For this exercise, write out every entry exactly and leave the pictures out.

· · · ·

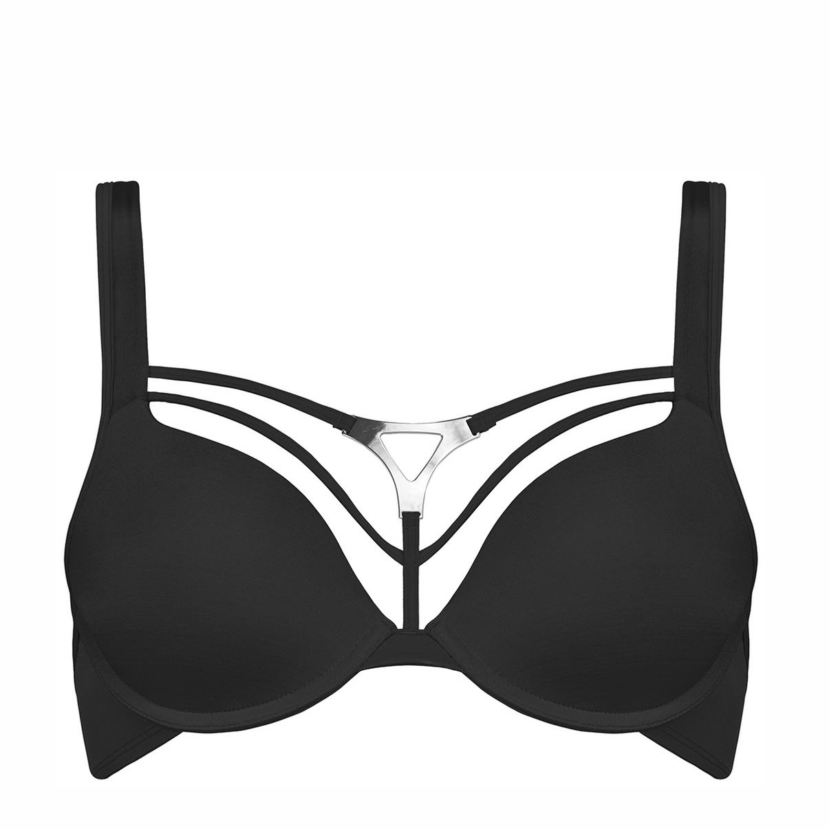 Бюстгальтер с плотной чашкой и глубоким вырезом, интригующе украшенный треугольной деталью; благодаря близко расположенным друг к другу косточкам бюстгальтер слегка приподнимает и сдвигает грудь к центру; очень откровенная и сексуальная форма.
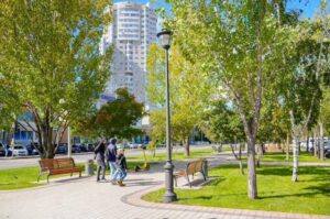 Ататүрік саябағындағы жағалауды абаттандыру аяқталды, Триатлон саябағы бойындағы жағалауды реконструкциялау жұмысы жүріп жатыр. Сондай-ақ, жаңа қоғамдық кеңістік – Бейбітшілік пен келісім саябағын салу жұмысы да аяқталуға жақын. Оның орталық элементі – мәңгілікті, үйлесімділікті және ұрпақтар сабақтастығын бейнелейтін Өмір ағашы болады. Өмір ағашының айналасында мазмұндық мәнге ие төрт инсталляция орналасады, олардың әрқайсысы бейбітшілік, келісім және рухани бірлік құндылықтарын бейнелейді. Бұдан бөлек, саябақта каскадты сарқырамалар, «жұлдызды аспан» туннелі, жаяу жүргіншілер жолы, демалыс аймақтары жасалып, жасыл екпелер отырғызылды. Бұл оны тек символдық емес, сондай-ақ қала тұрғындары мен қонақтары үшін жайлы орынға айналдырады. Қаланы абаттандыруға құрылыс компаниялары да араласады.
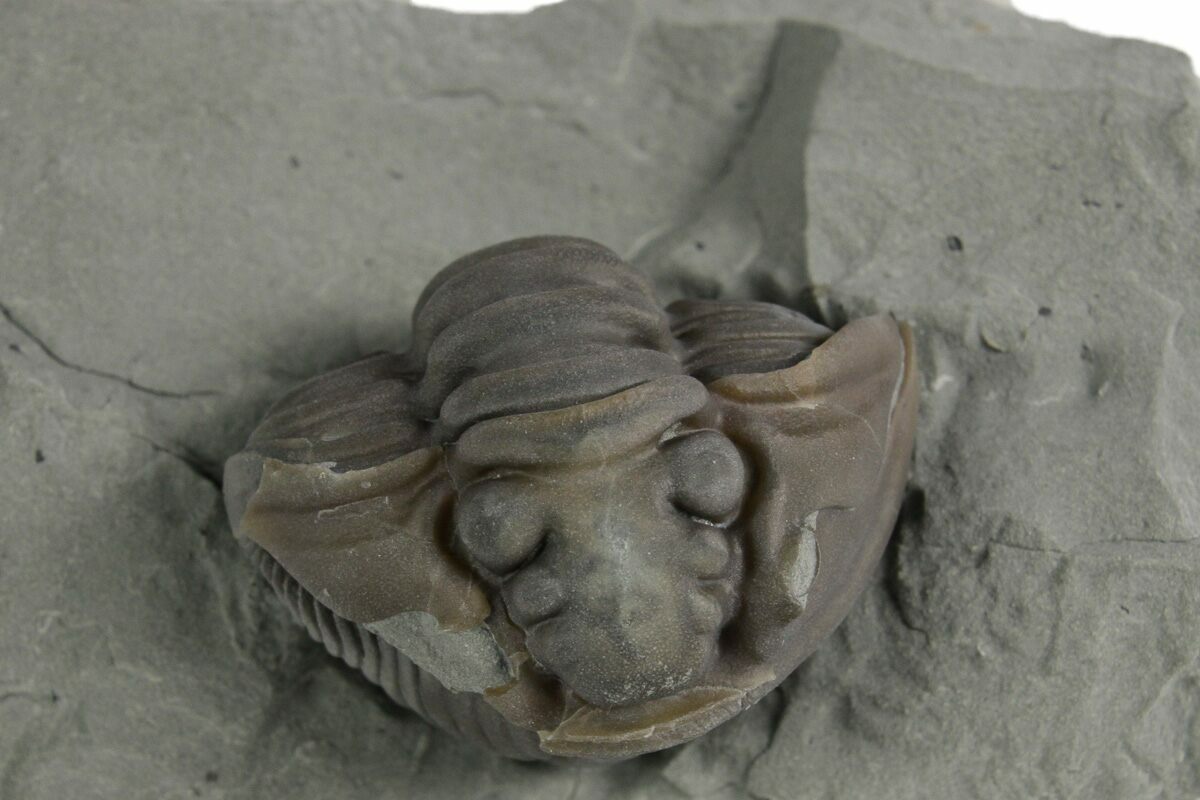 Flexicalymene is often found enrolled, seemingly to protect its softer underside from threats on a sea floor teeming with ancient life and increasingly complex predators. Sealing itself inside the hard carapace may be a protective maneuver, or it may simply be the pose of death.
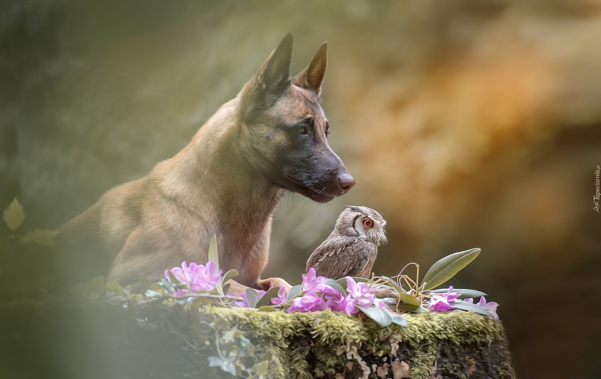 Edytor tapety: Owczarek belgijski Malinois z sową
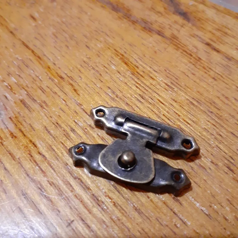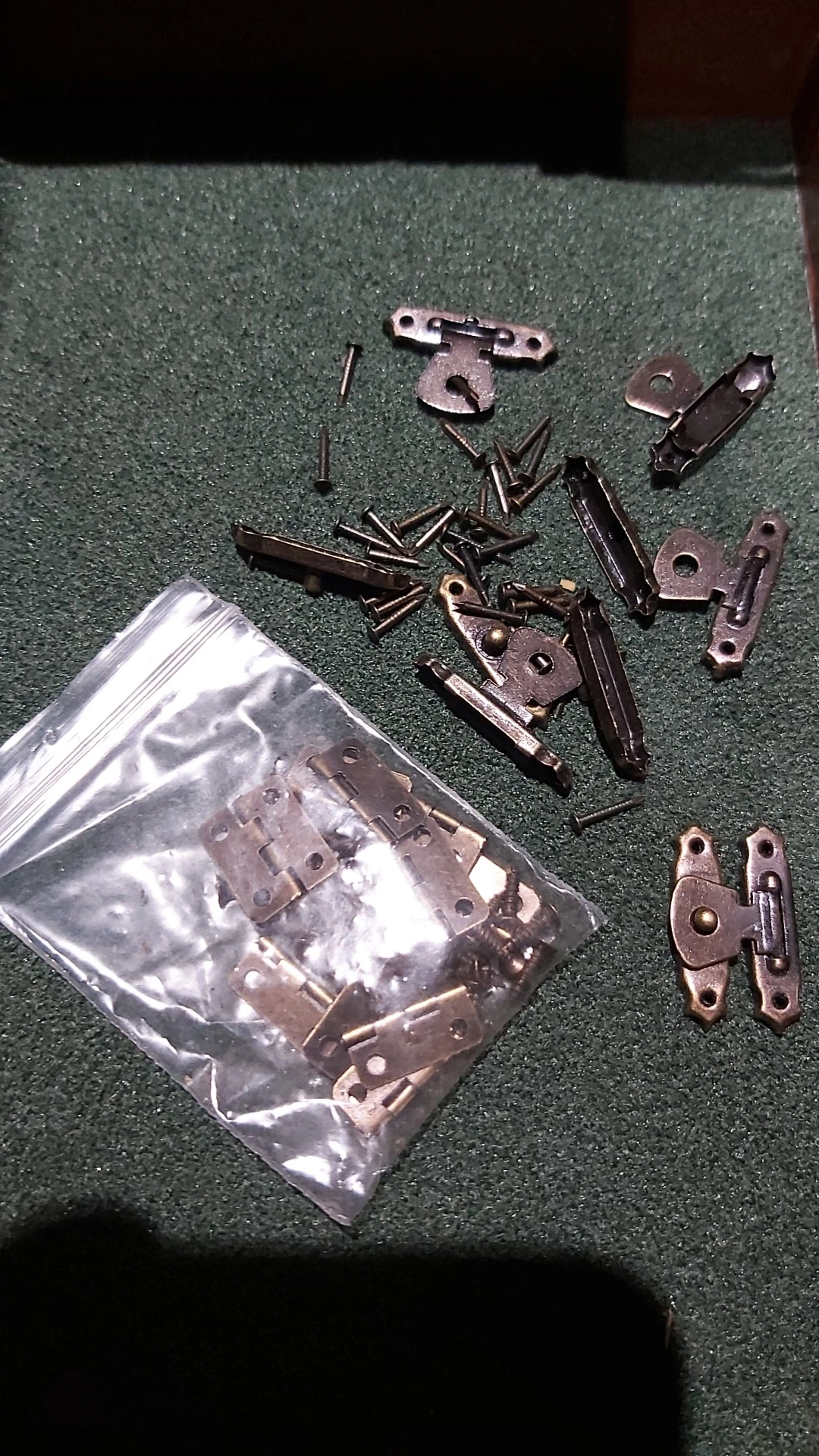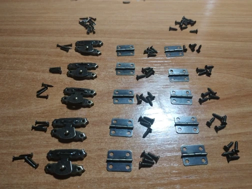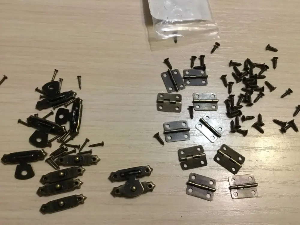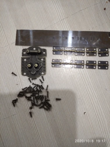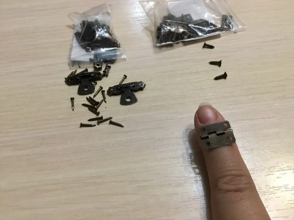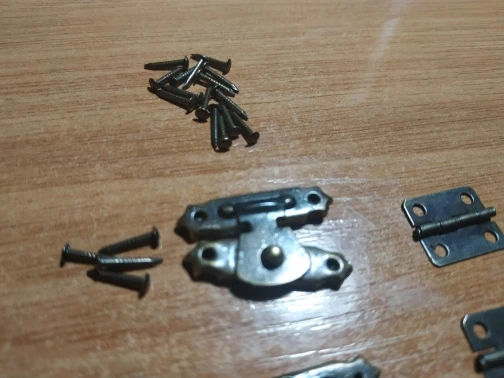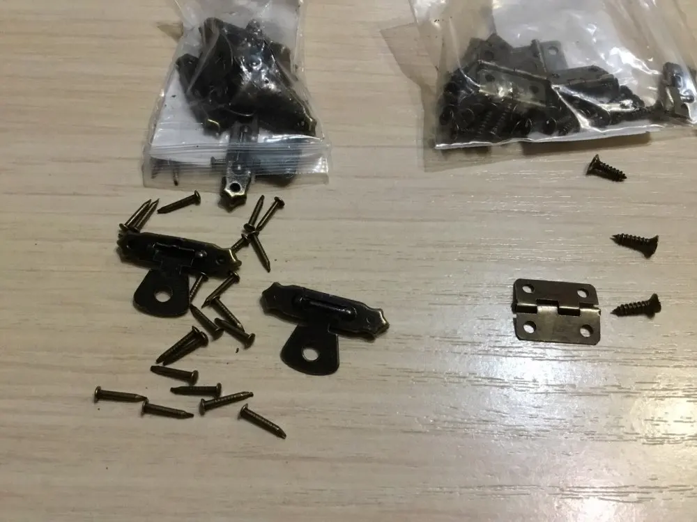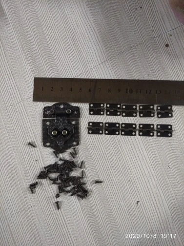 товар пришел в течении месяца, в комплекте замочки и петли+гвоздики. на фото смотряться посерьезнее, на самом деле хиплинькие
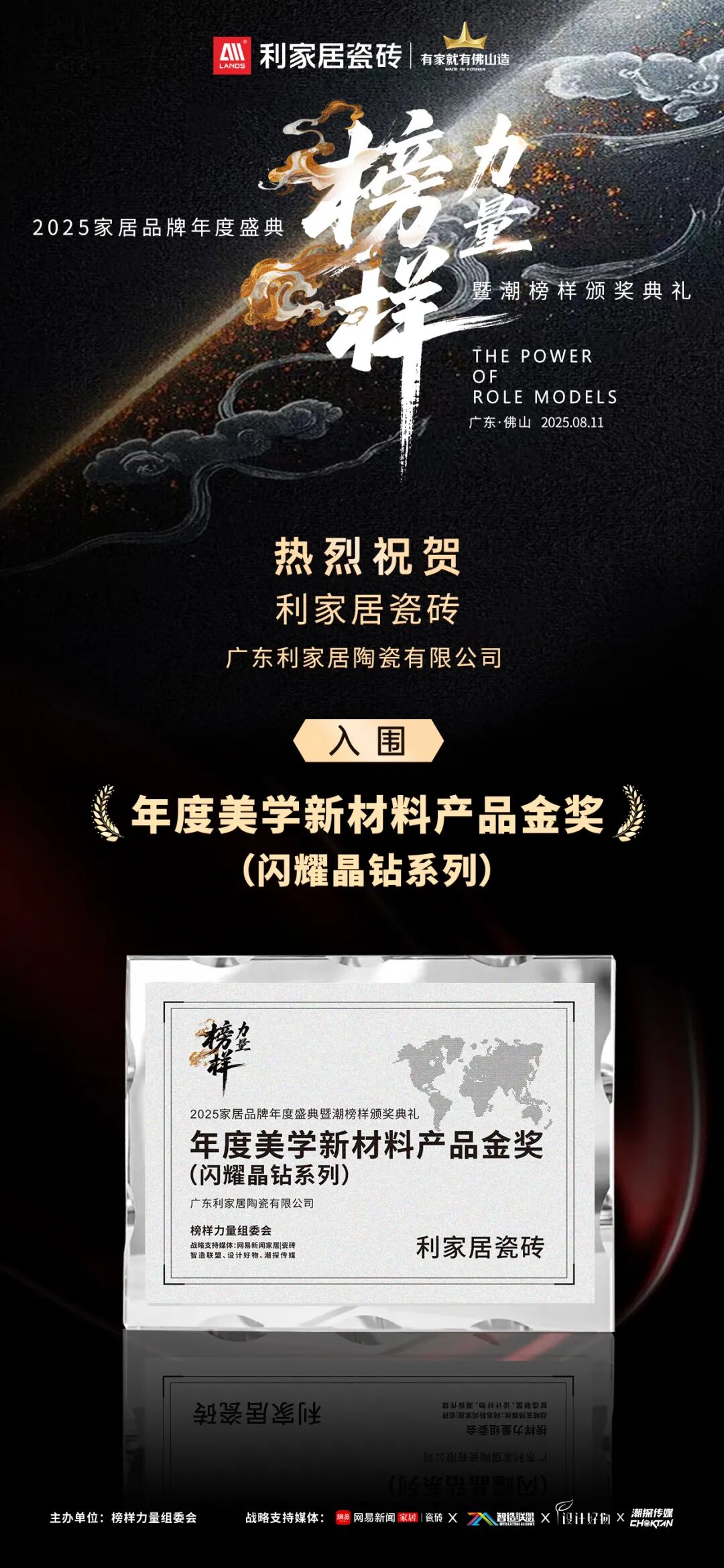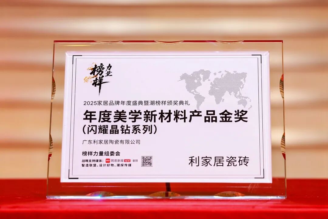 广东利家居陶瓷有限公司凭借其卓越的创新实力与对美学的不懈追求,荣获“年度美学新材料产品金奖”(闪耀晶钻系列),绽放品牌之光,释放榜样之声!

· · · ·

_Answer to this task_.
 Бюстгальтер с плотной чашкой и глубоким вырезом, интригующе украшенный треугольной деталью; благодаря близко расположенным друг к другу косточкам бюстгальтер слегка приподнимает и сдвигает грудь к центру; очень откровенная и сексуальная форма.
 Ататүрік саябағындағы жағалауды абаттандыру аяқталды, Триатлон саябағы бойындағы жағалауды реконструкциялау жұмысы жүріп жатыр. Сондай-ақ, жаңа қоғамдық кеңістік – Бейбітшілік пен келісім саябағын салу жұмысы да аяқталуға жақын. Оның орталық элементі – мәңгілікті, үйлесімділікті және ұрпақтар сабақтастығын бейнелейтін Өмір ағашы болады. Өмір ағашының айналасында мазмұндық мәнге ие төрт инсталляция орналасады, олардың әрқайсысы бейбітшілік, келісім және рухани бірлік құндылықтарын бейнелейді. Бұдан бөлек, саябақта каскадты сарқырамалар, «жұлдызды аспан» туннелі, жаяу жүргіншілер жолы, демалыс аймақтары жасалып, жасыл екпелер отырғызылды. Бұл оны тек символдық емес, сондай-ақ қала тұрғындары мен қонақтары үшін жайлы орынға айналдырады. Қаланы абаттандыруға құрылыс компаниялары да араласады.
 Flexicalymene is often found enrolled, seemingly to protect its softer underside from threats on a sea floor teeming with ancient life and increasingly complex predators. Sealing itself inside the hard carapace may be a protective maneuver, or it may simply be the pose of death.
 Edytor tapety: Owczarek belgijski Malinois z sową
 товар пришел в течении месяца, в комплекте замочки и петли+гвоздики. на фото смотряться посерьезнее, на самом деле хиплинькие
 广东利家居陶瓷有限公司凭借其卓越的创新实力与对美学的不懈追求,荣获“年度美学新材料产品金奖”(闪耀晶钻系列),绽放品牌之光,释放榜样之声!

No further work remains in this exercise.